Sunday 8 April 2007

A conjectural supplement to Festus

quam magno deinceps ore tua, princeps inuicte, facta sunt personanda! quibus me licet imparem dicendi nisu et aeuo grauiorem parabo. maneat modo concessa dei nutu et ab amico, cui credis et creditus es, numine indulta felicitas, ut ad hanc ingentem de Gothis etiam Babyloniae tibi palma pacis accedat.

Thenceforth with how great a voice should your deeds, unconquered prince, resound! I shall prepare myself for them though unequal to the task of speaking and weighed down by age. Let only that good fortune remain, granted by God’s will and allowed by that friendly deity in whom you trust and to whom are entrusted, so that to this great [victory] over the Goths you may add the palm of peace in Babylon.

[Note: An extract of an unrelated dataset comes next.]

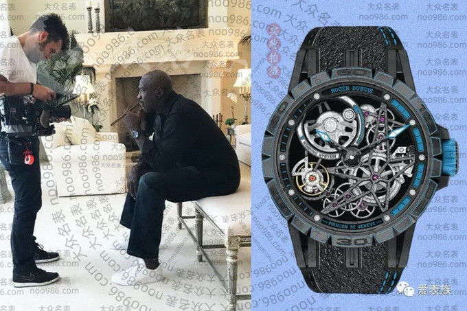 迈克尔·乔丹与众不同的罗杰杜彼Excalibur Spider Pirelli。一款直接用倍耐力轮胎做橡胶表带的汽车运动腕表。。MJ在拍摄有关其芝加哥公牛队传承的最新Netflix纪录片《最后的舞蹈》时佩戴了这只表。
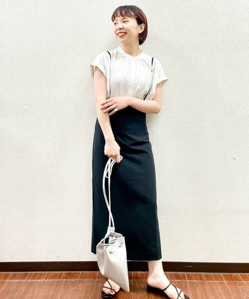 ややタイトめなデザインのサスつきスカートが登場!シンプルですっきりとしたデザインはカジュアルすぎず大人っぽさもありキレイめなスタイルにもハマる1着。バックにジッップの仕様なので、楽に脱ぎ履きができ、肩紐も調節可能となっております。

The closing words of Festus’ Breviarium allow us to date it. Valens had ended his (first) war with the Goths in the summer of 369, in a stalemate presented as victory, and he was preparing to move to the Eastern front – a move which is the context of the whole second half of the Breviarium (15-30).

Like his contemporary Eutropius, and Ammianus twenty years later, Festus referred in his closing words to the commonplace that the current reign was material worthy not of history but panegyric. And the style of his closing words is appropriately loftier. But not without awkwardness. In particular, after ad hanc ingentem de Gothis (‘to this enormous [something] over the Goths’) the reader has to supply a feminine noun from what follows, which will have to be palma, palm. Arnaud-Lindet’s translation shows the awkwardness:

‘…de telle façon qu’à celle, magnifique, remportée sur les Gots, s’ajoute encore la palme de la paix imposée à Babylone!’

Better, I think, to assume that a word has dropped out, and it can supplied easily enough:

…ut ad hanc ingentem de Gothis uictoriam etiam Babyloniae tibi palma pacis accedat.

As indeed I have supplied it in the translation above.

The reason for the disappearance of uictoriam is the similarity of ending with the word etiam which follows. The metaphor is also a rendered much more satisfactory. After all, in fourth-century art, the goddess/ personification Victory is standardly shown carrying a palm. Although palma can be a virtual synonym for victory in this period, an enormous (ingens) Victory/ victory is less incongruous than an enormous palm of peace, and a victory over the Goths is expressed as uictoria de Gothis far more easily than as palma de Gothis. See, for example, a few chapters earlier, where Constantine was ‘more glorious from his recent victory over the Goths’, recenti de Gothis uictoria gloriosior (26.1).